Exposing the database as an API
With the data now in a queryable database, my next challenge was to expose this to the world in an access controlled and performant fashion. Enter Amazon’s API Gateway service. Using the REST gateway option (under the older V1 offering), there’s the capability of wiring up API methods and resources directly to arbitrary AWS services. This takes input from the API user, optionally applies transformations, sends the transformed input to an AWS service, optionally transforms the response from the service and send it back to the user. Wonderful!
The details of this rather complex dance of transformations aren’t terribly interesting. The curious should look at this blog from AWS – it’s the template I used for my own configuration. With the basic API methods created and the REST service ready, I had access to API Gateway’s access keys and usage plans for access control. Usage plans plus keys generate static tokens for each subscriber, controlling access and setting limits on the volume of requests as subscription terms and application needs dictate. Additionally, internal keys can be created for unlimited internal use.
Keeping the data current
Now I had a working API service, but the source data changes on a continual
basis, with batched drops happening daily. I needed to get the current data
into the DynamoDB table. Here’s the work on that Python script paid off. AWS
S3 has a handy offering S3 Notifications that fires off events when various
actions occur in a S3 bucket. By configuring events to trigger
PutObject operations took place with a specific object key and a
file extension (representing a file upload of a new data file), that Python
script, packaged as a Lambda function, could retrieve the file, do the
nesting operation into the JSON our API needs, and post it all to DynamoDB.
Wiring this all up as infrastructure as code (IaC)
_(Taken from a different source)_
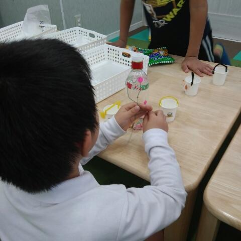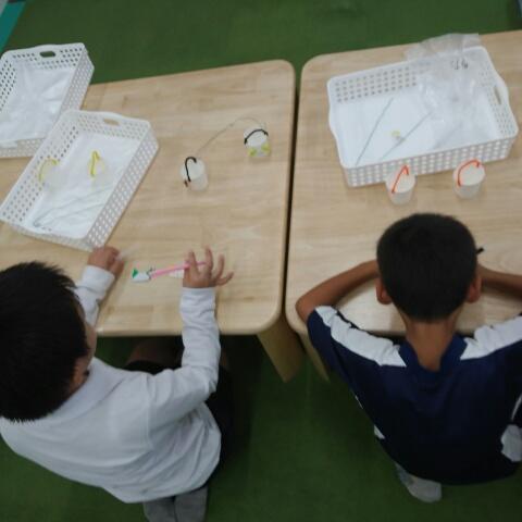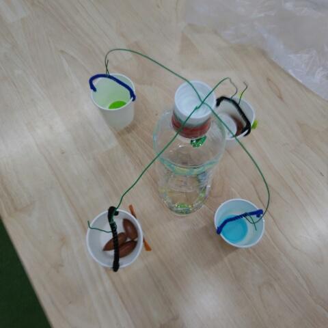 今日は工作のプログラム、紙コップや針金を使い、やじろべえを作りました!

Initial development took place in a dedicated sandbox account (thanks to AWS Organizations, you magnificent blankity-blank). As this was using services I was less familiar with, there was a fair amount of console clicking about for the initial configuration. To make this truly production ready (even if proof of concept), I created an internal Terraform module that takes a inputs of the S3 location as well as the list of customers, then creates the API gateway (with all the transformations), creates the DynamoDB back end, sets up all the Lambda powered data updates, manages the unique IAM roles and permissions needed, and also creates both internal and subscriber (configurable, natch) API keys. With the power of Terraform, this is now version controlled, repeatable, and auditable infrastructure. Some of the various CI checks we have on our Terraform control also revealed some good guidance on specific resources I hadn’t considered, such as setting up point-in-time backups on the DynamoDB table.
Looking back to look forward
I’m quite pleased with how this all came together. That being said, it’s a rare project that I come out of without a laundry list of things that I’d like to enhance/rework/update. Some of those items from this project include:
- Tighter IAM permissions - I use dedicated service roles for each component of this solution, but the permissions could be stricter. There are several AWS managed policies employed, which I don’t trust implicitly. There’s good blast radius control on the account hosting this though, and the permissions are by no means egregious.
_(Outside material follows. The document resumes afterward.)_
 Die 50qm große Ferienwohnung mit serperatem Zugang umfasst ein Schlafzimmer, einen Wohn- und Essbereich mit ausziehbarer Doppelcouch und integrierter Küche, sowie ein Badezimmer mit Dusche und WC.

- Better logging - The Lambda pipes logs to CloudWatch which is great for reviews, but I don’t have a pattern for surfacing job success/failures to the team in a way that doesn’t cause alert overload.
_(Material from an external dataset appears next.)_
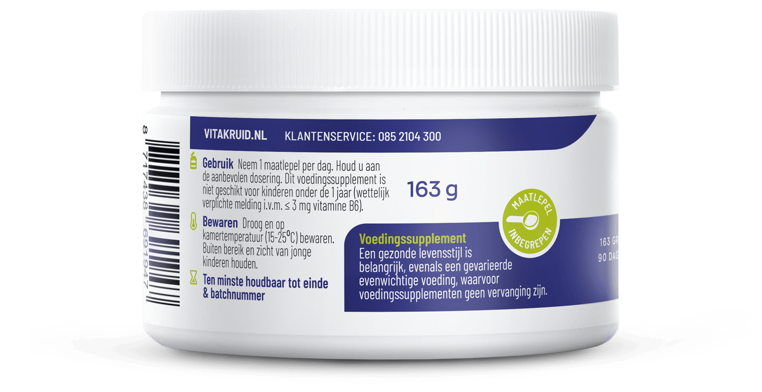 Een gevarieerde, evenwichtige voeding en een gezonde levensstijl zijn belangrijk. Een voedingssupplement is geen vervanging van een gevarieerde voeding.

- Expiring data entries - Some of the
departmentkeys may drop out of the data set. As the Lambda does a blind load of all keys from the current source file, without checking for missing data, it’s possible for data to be orphaned and stale data to continue to be served. Item expirations may be a solution here.
- More efficient data uploads - The Lambda does a single
PutItemcall per key. This takes several minutes to run a full load. A batched put would probably be faster.
- DynamoDB performance - I’m using a statically provisioned number of read and write capacity units. Switching to a more elastic model may be justified from both a performance and cost basis if this goes forward as something more customer-facing.